As described in the previous sections, the structure and strings blocks shall have aligned offsets from the beginning of the device tree blob. To ensure the in-memory alignment of the blocks, it is sufficient to ensure that the device tree as a whole is loaded at an address aligned to the largest alignment of any of the subblocks, that is, to an 8-byte boundary. As described in 5.2 (Device Tree) an ePAPRcompliant boot program shall load the device tree blob at such an aligned address before passing it to the client program. If an ePAPR client program relocates the device tree blob in memory, it should only do so to another 8-byte aligned address.
The Device Tree Source (DTS) format is a textual representation of a device tree in a form that can be processed by dtc into a binary device tree in the form expected by the kernel. The following description is not a formal syntax definition of DTS, but describes the basic constructs used to represent device trees.
Device tree nodes are defined with a node name and unit address with braces marking the start and end of the node definition. They may be preceded by a label.
[label:] node-name[@unit-address] {
[properties definitions]
[child nodes]
}
Nodes may contain property definitions and/or child node definitions. If both are present, properties shall come before child nodes.

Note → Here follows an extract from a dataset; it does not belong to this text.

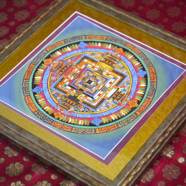 タンカ職人肉筆 手書きのチベタン タンカ 額装250角 カーラチャクラ 時輪タントラ 1点物 密教 アジアン雑貨

Property definitions are name value pairs in the form:
[label:] property-name = value;
except for properties with empty (zero length) value which have the form:
[label:] property-name;
Property values may be defined as an array of 32-bit integer cells, as null-terminated strings, as bytestrings or a combination of these.
-
Arrays of cells are represented by angle brackets surrounding a space separated list of C-style integers. Example:
interrupts = <17 0xc>;
-
A 64-bit value is represented with two 32-bit cells. Example:
clock-frequency = <0x00000001 0x00000000>;
-
A null-terminated string value is represented using double quotes (the property value is considered to include the terminating NULL character). Example:
compatible = "simple-bus";
-
A bytestring is enclosed in square brackets [ ] with each byte represented by two hexadecimal digits. Spaces between each byte are optional. Example:
local-mac-address = [00 00 12 34 56 78];
or equivalently:
local-mac-address = [000012345678];
-
Values may have several comma-separated components, which are concatenated together. Example:
compatible = "ns16550", "ns8250";
example = <0xf00f0000 19>, "a strange property format";
-
In a cell array a reference to another node will be expanded to that node’s phandle. References may be & followed by a node’s label. Example:
interrupt-parent = < &mpic >;
or they may be & followed by a node’s full path in braces. Example:
interrupt-parent = < &{/soc/interrupt-controller@40000} >;
-
Outside a cell array, a reference to another node will be expanded to that node’s full path. Example:
ethernet0 = &EMAC0;
-
Labels may also appear before or after any component of a property value, or between cells of a cell array, or between bytes of a bytestring. Examples:
reg = reglabel: <0 sizelabel: 0x1000000>;
prop = [ab cd ef byte4: 00 ff fe];
str = start: "string value" end: ;
/dts-v1/;
[memory reservations]
/ {
[property definitions]
[child nodes]
};
The /dts-v1/; shall be present to identify the file as a version 1 DTS (dts files without this tag will be treated by dtc as being in the obsolete version 0, which uses a different format for integers in addition to other small but incompatible changes).
Memory reservations define an entry for the device tree blob’s memory reservation table. They have the form: e.g., /memreserve/ <address> <length>; Where <address> and <length> are 64-bit C-style integers.
-
The / { … }; section defines the root node of the device tree.
-
C style (/* … */) and C++ style (// …) comments are supported.